MOVIES: Death at a Funeral (Frank Oz, 2007)

There's a fine line you have to walk when you're making a farce; there needs to be a certain amount of bad tase, but you can't let it sink into mere vulgarity. Director Frank Oz and writer Dean Craig struggle, but don't find the right balance until far too late in the game

The setup is promising enough, as a proper British family gathers for the funeral of the family patriarch. Older son Daniel (Matthew MacFadyen) and his wife Jane (Keeley Hawes) are hosting the funeral; younger son Robert (Rupert Graves), a successful novelist, has flown in from New York. There are assorted uncles, aunts, and nieces, and there's Peter (Peter Dinklage), a mysterious stranger whom none of the family has ever met.

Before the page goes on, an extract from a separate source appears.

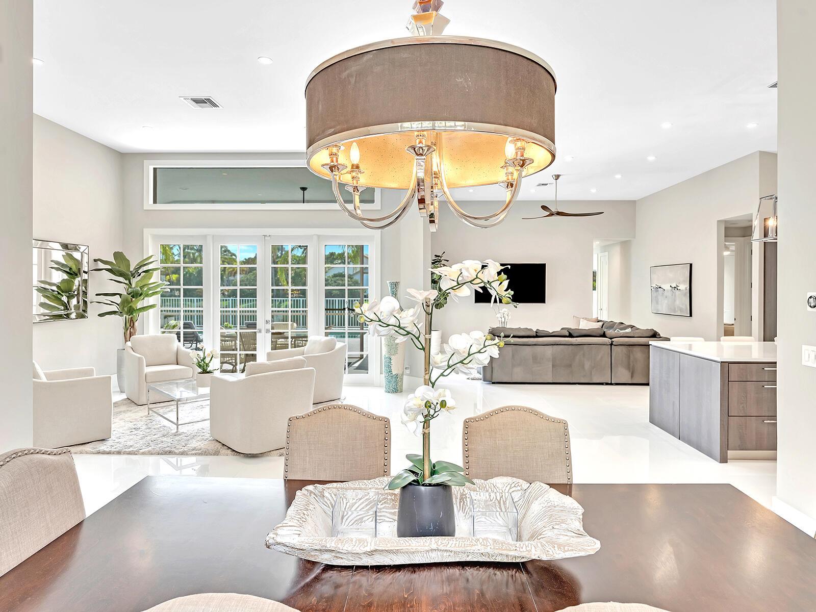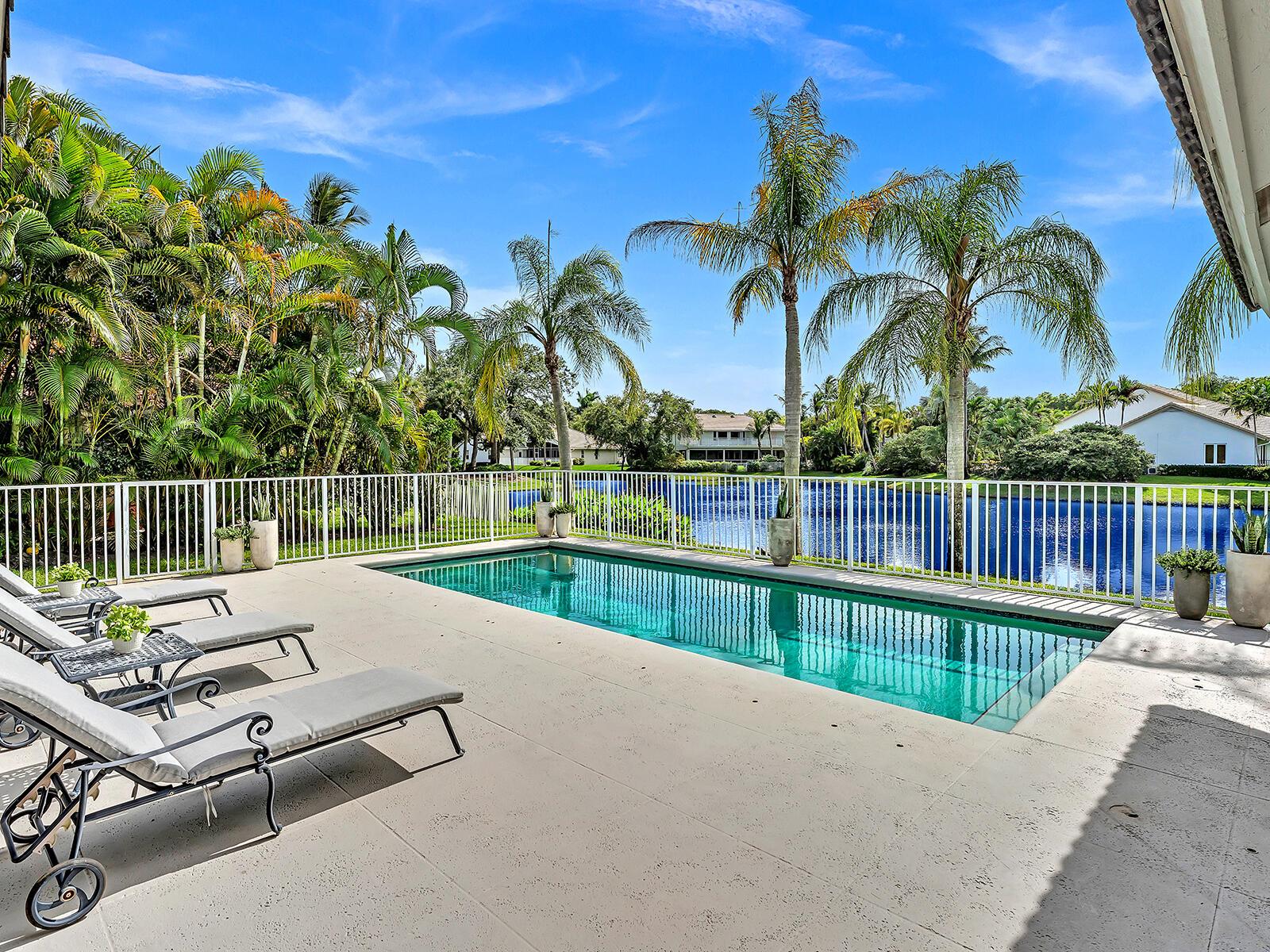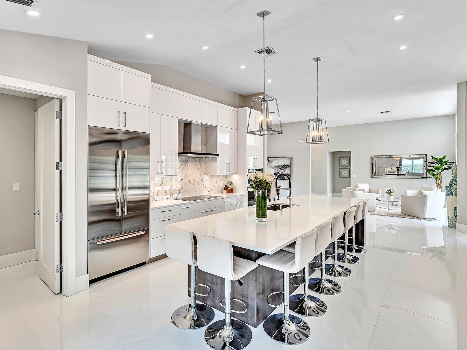 This stunning contemporary 4-bedroom home is located in the highly desirable Andover community. Set among palm trees and live oaks, the 2,754 sq ft residence offers serene lake views, a spacious screened lanai, and an open sports pool. The open-concept design, with soaring ceilings and oversized white glass tile floors, is ideal for entertaining. The custom gourmet kitchen features a 14-foot white quartz island and top-of-the-line stainless steel Jenn-Air appliances, including an induction cooktop and a wine fridge. The master suite boasts a luxurious spa-like ensuite, complete with a large soaking tub and a walk-in shower for ultimate relaxation. Andover is a charming, family-friendly gated community, located just minutes from downtown Delray Beach, residents enjoy convenient access

The first half of the movie is overly polite and restrained, there's an occasional smile to be found, but no real laughs. When the movie does head into bad-taste territory, it becomes crudely disgusting, which isn't any funnier than the excessive restraint of the earlier scenes. (Without giving away too many details, let's just say that any scene beginning with an elderly man in a wheelchair asking to be taken to the toilet is not going to end well.)

There are some things that work. Murray Gold's score strikes just the right note of sprightly vulgarity, and Alan Tudyk does marvelous things with the stock character of Guy Who's Been Inadvertently Slipped Hallucinogenic Drugs. In the last fifteen minutes, Oz and Craig even manage to get the right balance of sentiment and tackiness, but it's too little, too late. Wait for cable or DVD if you absolutely must see this; it certainly isn't worth paying full price at the multiplex.

September 02, 2007

MOVIES: The Nines (John August, 2007)

An unexpected treat. The Nines stars Ryan Reynolds, Hope Davis, and Melissa McCarthy, each of whom plays multiple roles in a series of three stories, with the connections among the three being revealed only gradually.

In "The Prisoner," Reynolds is Gary, star of a crappy TV crime drama, who melts down after a bad breakup and winds up under house arrest. McCarthy plays the publicist who winds up babysitting him, and Davis is the flirty neighbor who tries to talk Gary into violating his arrest by leaving with her.

"Reality Television" finds Reynolds playing Gavin, a TV writer who's filming a pilot called Knowing, about a woman trying to solve the mystery of her husband's disappearance. Gavin has written the role specifically for his best friend, Melissa McCarthy; Davis plays the network executive who breaks the news that the network loves everything about the pilot except Melissa.

The third story, "Knowing," is (in part) that pilot film. McCarthy is the mom and Reynolds is the dad, who has to hike out for help when their car battery dies far enough into the wilderness that they can't use their cell phones. Davis plays Sierra, the stranger who may (or may not) be their salvation.

The three principal actors are terrific in their multiple roles; Reynolds proves to be a far better actor than he's been allowed to show in the dumb comedies he's been doing. The standout for me, though, is Melissa McCarthy, who I previously knew only from Gilmore Girls; she's especially good in the opening segment, where she displays crack comic timing and a great way with bitchy zingers.

The wrapup delves into philosophy and spirituality in a slightly cheesy fashion, but at least it makes sense and you don't leave scratching your head or feeling like the victim of an intellectual mugging, and the three stories that lead up to that ending are all sharply written and highly entertaining. The Nines is only getting a one-week art-house run here in Los Angeles, so if you're in a smaller town, you may have to wait for DVD or cable, but definitely keep an eye open for this one.